Causal Inference in Python Blog

Causal Inference in Python, or Causalinference in short, is a software package that implements various statistical and econometric methods used in the field variously known as Causal Inference, Program Evaluation, or Treatment Effect Analysis.

Through a series of blog posts on this page, I will illustrate the use of Causalinference, as well as provide high-level summaries of the underlying econometric theory with the non-specialist audience in mind. Source code for the package can be found at its GitHub page, and detailed documentation is available at causalinferenceinpython.org.

Weighting

In this post we will look at one additional treatment effect estimator — the so-called doubly-robust weighting estimator.

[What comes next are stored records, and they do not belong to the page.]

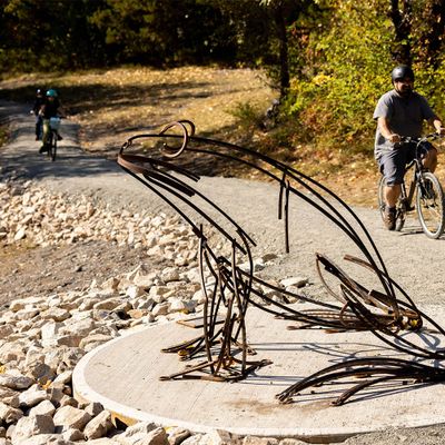 This steel sculpture sits at one of the entrances to the Terrace HUB biking trails on the North side of the Terrace Sportsplex by the pump track.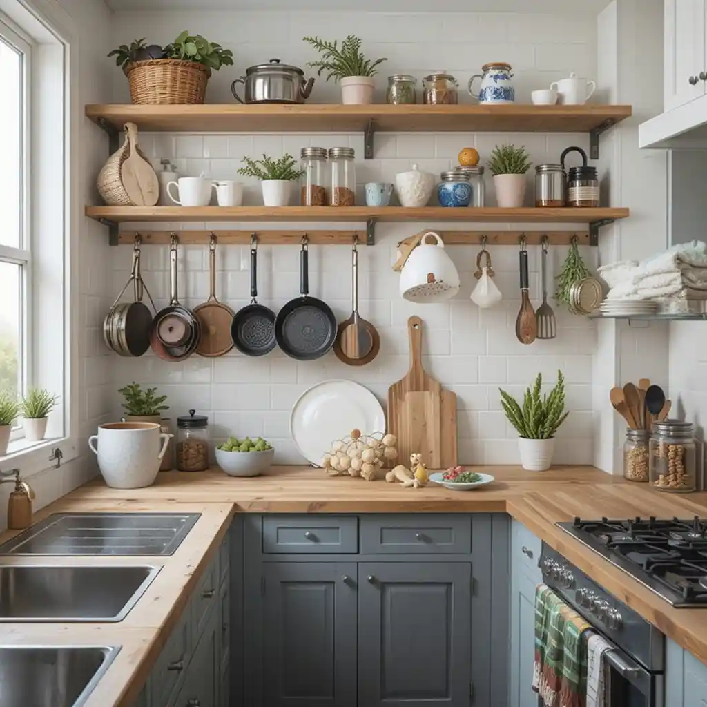 Hooks and racks on walls free up cabinet space. Store pans, utensils, and mugs neatly. This keeps everything within reach without crowding counters. Very Small Kitchen Ideas
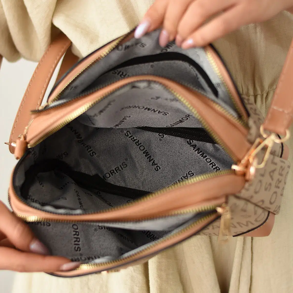 Sanmorris markalı 4 bölmeli çapraz çanta modelimiz stoklarımızdadır. ; Boy: 19 cm ; En: 23 cm ; Taban Genişliği: 7cm ; Yüksek kalite suni deri, astar ve aksesuar kullanılarak Türkiye'de üretilmiştir. Çapraz askısı dilediğiniz boya göre ayarlanabilmektedir. Günlük kombinlerinizin kurtarıcı parçası olacak bir modeldir. Gold aksesuarları şık kombinlerinizi de rahatlıkla tamamlayacaktır. Tamamen astar kaplı ve metal fermuarlı bölmeleri sayesinde günlük eşyalarınızı rahatlıkla ve şıklığınızdan ödün vermeden yanınızda taşıyabileceksiniz. Temizliğini nemli bez ile yapınız. ; Çapraz askısı sayesinde omuzda ve çapraz olarak kullanılablir. ; Astar bölümü deriye yapışık değildir. ; Deri yumuşaklığı ve özel suni deri seçeneğiyle Pratik ve rahat kullanım sağlıyor. ;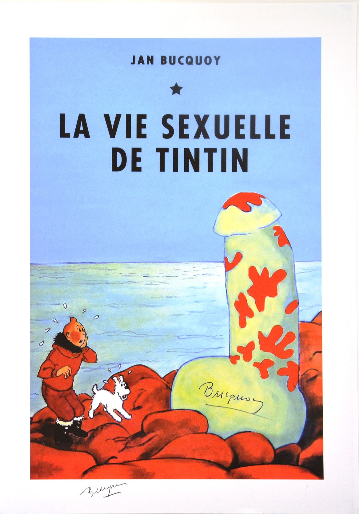 En 1980, un artiste belge Jan Bucquoy réalise des planches qu’il regroupe en album en 1993 : La vie sexuelle de Tintin. Un album parodique où la pornographie fait son entrée dans l’univers du reporter, abordant des tabous de la série, s’amusant à mettre les personnages dans des positions farfelues, bref à dévoyer le jeune héros.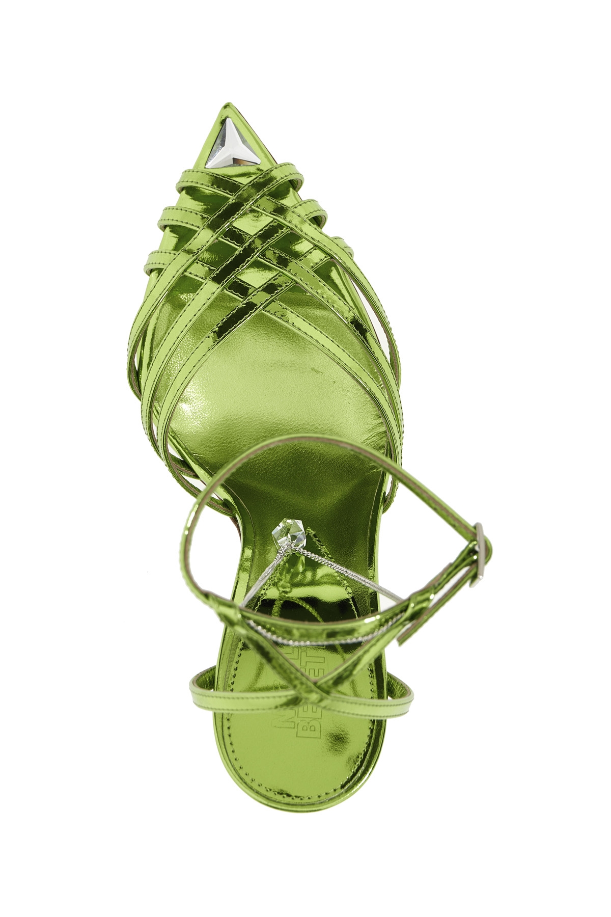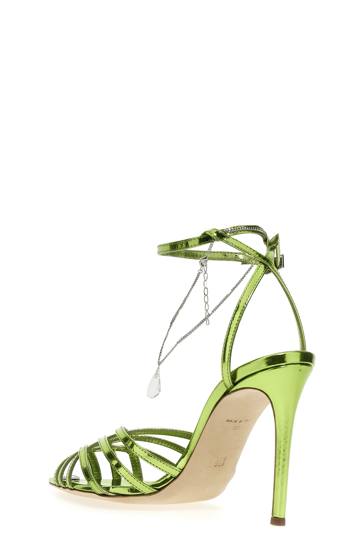Levy' laminated leather sandals with pointed toe with crystal applique, front thin straps, ankle strap with metal chain detail and a crystal pendant.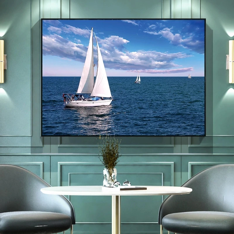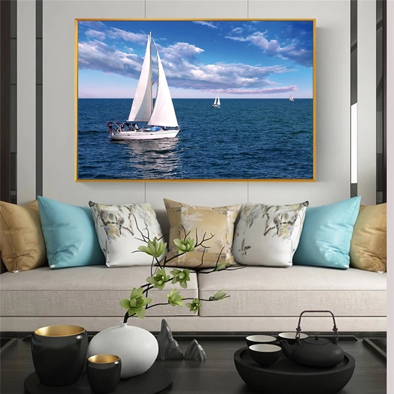 Современный стиль скандинавский синий океан парусная лодка Холст Картина постер Офис Гостиная Декор роспись (без рамки)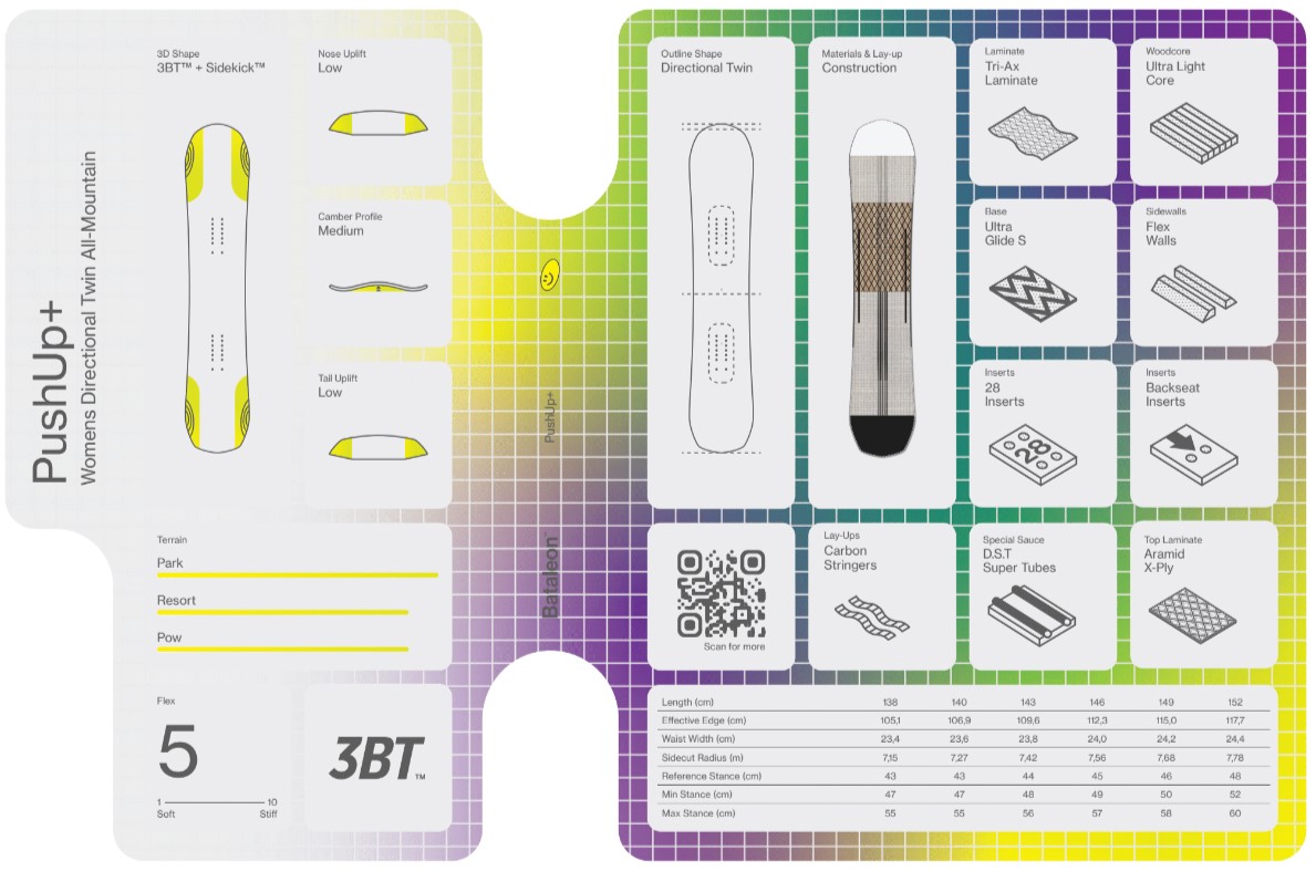 Featuring a mid flex combined with a powerful, catch-free shape and camber profile, the Push Up Plus has become one of the most versatile women's boards in the Bataleon range. From park obstacles to jump lines, to laying down some carves to even diving into some pow pockets. The Push Up Plus has made a great board even better.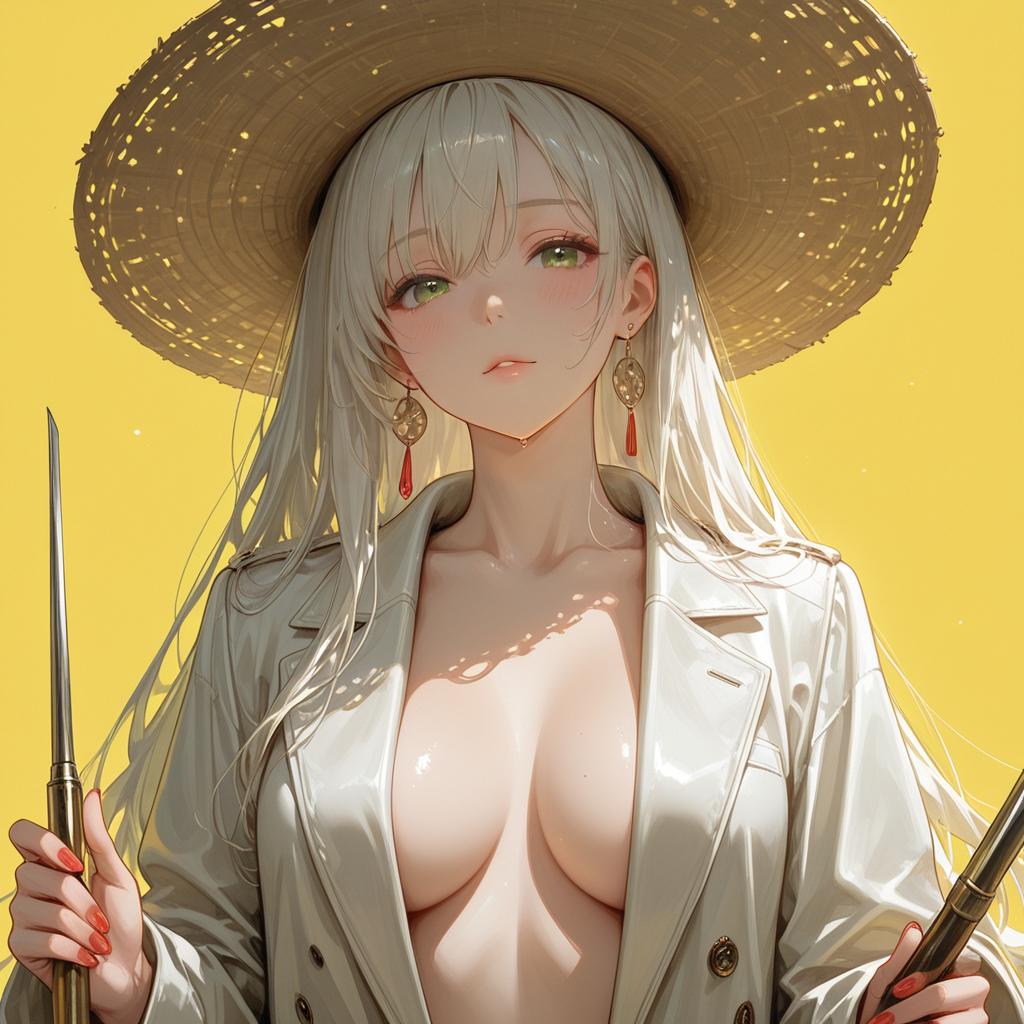 Masterpiece, high quality best quality, 1girl, breasts, earrings, hat, holding, jacket, jewelry, long_hair, looking_at_viewer, medium_breasts, open_clothes, red_lips, solo, upper_body, white_hair, yellow_background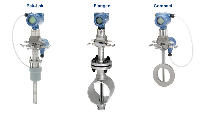 A versatile solution, Annubar Averaging Pitot Tubes offer several mounting options to meet a wide range of process demands. The flanged assembly fulfills structural requirements of high-pressure applications and provides traditional mounting mechanisms for retrofitting. The Pak-Lok option utilizes the compression design to firmly secure the sensor and the Compact design easily installs between raised-face flanges.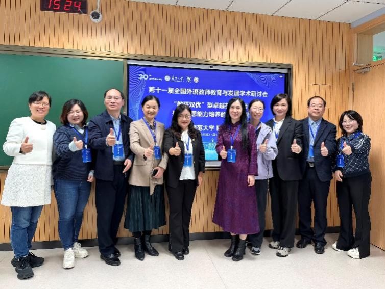 、上海外语教育出版社联合承办的“第十一届全国外语教师教育与发展学术研讨会”。11月1日下午,老师们在苏州大学博远楼进行的团队展示环节,围绕“‘教研双优’型卓越英语教师批判反思能力培养的实践探索”主题,与来自全国高校的教师进行了深入的学术交流。其系统化的培养路径与丰硕的实践成果,赢得与会专家学者的广泛关注与高度认可。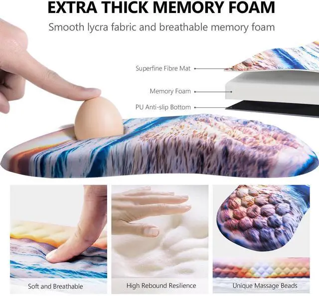 we take comfort to the next level with our Massage Design. Our desk mouse pad and keyboard wrist rest feature a unique bumpy massage bead design. This innovative feature promotes healthy blood flow and improves air circulation around your wrists, preventing discomfort during those long work sessions or intense gaming marathons. Experience a superior level of comfort that ordinary flat wrist supports simply can't match.

First, it turns out that under unconfoundedness, the following two equalities are true: $$\mathrm{E}\left[\frac{D Y}{p(X)}\right] = \mathrm{E}[Y(1)] \quad \mbox{and} \quad \mathrm{E}\left[\frac{(1-D)Y}{1-p(X)}\right] = \mathrm{E}[Y(0)].$$

This in turn suggests that the expectation of the potential outcomes can be estimated using $$\hat{\mathrm{E}}[Y(1)] = \frac{1}{N} \sum_{i=1}^N \frac{D_i Y_i}{p(X_i)} \quad \mbox{and} \quad \hat{\mathrm{E}}[Y(0)] = \frac{1}{N} \sum_{i=1}^N \frac{(1-D_i) Y_i}{1-p(X_i)}.$$

The difference between these two averages is thus a valid estimator of the average treatment effect \(\mathrm{E}[Y(1)-Y(0)]\). This estimator, also known as the Horvitz-Thompson estimator, is closely related to the inverse probability weighted estimators one might see in the missing data literature. In general, inverse weighting probability is used to inflate the weights for subjects who are underrepresented, thereby eliminating the bias that missing data might introduce. In our case, because the propensity score \(p(X)\) represents the probability of observing \(Y(1)\), inverse weighting by \(p(X)\) gives us exactly the right adjustment for eliminating the bias from selection.

Since the true propensity score is rarely known in practice, we typically use the estimated propensity score \(\hat{p}\) and the modified estimator $$\hat{\mathrm{E}}[Y(1)-Y(0)] = \left(\sum_{i=1}^N \frac{D_i}{\hat{p}(X_i)}\right)^{-1} \sum_{i=1}^N \frac{D_i Y_i}{\hat{p}(X_i)} - \left(\frac{1-D_i}{1-\hat{p}(X_i)}\right)^{-1} \sum_{i=1}^N \frac{(1-D_i) Y_i}{1-\hat{p}(X_i)}.$$

Alternatively, it is possible to compute the above estimator by running weighted least squares with the regression function $$Y_i = \alpha + \beta D_i + \varepsilon_i,$$

with weights given by $$\hat{\lambda}_i = \frac{1}{(1-\hat{p}(X_i))^{1-D_i} \hat{p}(X_i)^{D_i}}.$$

Expressed this way, it is easy to modify the estimator to further control for covariates, by including them into the regression function: $$Y_i = \alpha + \beta D_i + \gamma' X_i + \varepsilon_i.$$

Running weighted least squares on the above regression function with weights \(\hat{\lambda}\) yields the so-called doubly-robust estimator. This estimator has the property that as long as either the specification of the propensity score or the specification of the regression function is correct, it will be consistent for the true average treatment effect.

To compute this estimator using Causalinference, we simply run est_via_weighting, as follows:

>>> Y, D, X = vignette_data()
>>> causal = CausalModel(Y, D, X)
>>> causal.est_propensity_s()
>>> causal.est_via_weighting()
>>> print(causal.estimates)

Treatment Effect Estimates: Weighting

                     Est.       S.e.          z      P>|z|      [95% Conf. int.]
--------------------------------------------------------------------------------
           ATE     17.989      1.443     12.469      0.000     15.161     20.816

Unfortunately, despite the apparent desirability of the double robustness property, it does not apply in this case as we have misspecified both the propensity score and the regression function. Furthermore, because the estimated propensity scores enter as the denominator, any noise in the estimated propensity scores can actually generate considerable bias. As a result, the estimated average treatment effect we see above turns out to be quite far from the true value of 10. For a more detailed discussion of the relative merits of weighting estimators, see Imbens and Rubin (2015).

References

Imbens, G. & Rubin, D. (2015). Causal inference in statistics, social, and biomedical sciences: An introduction. Cambridge University Press.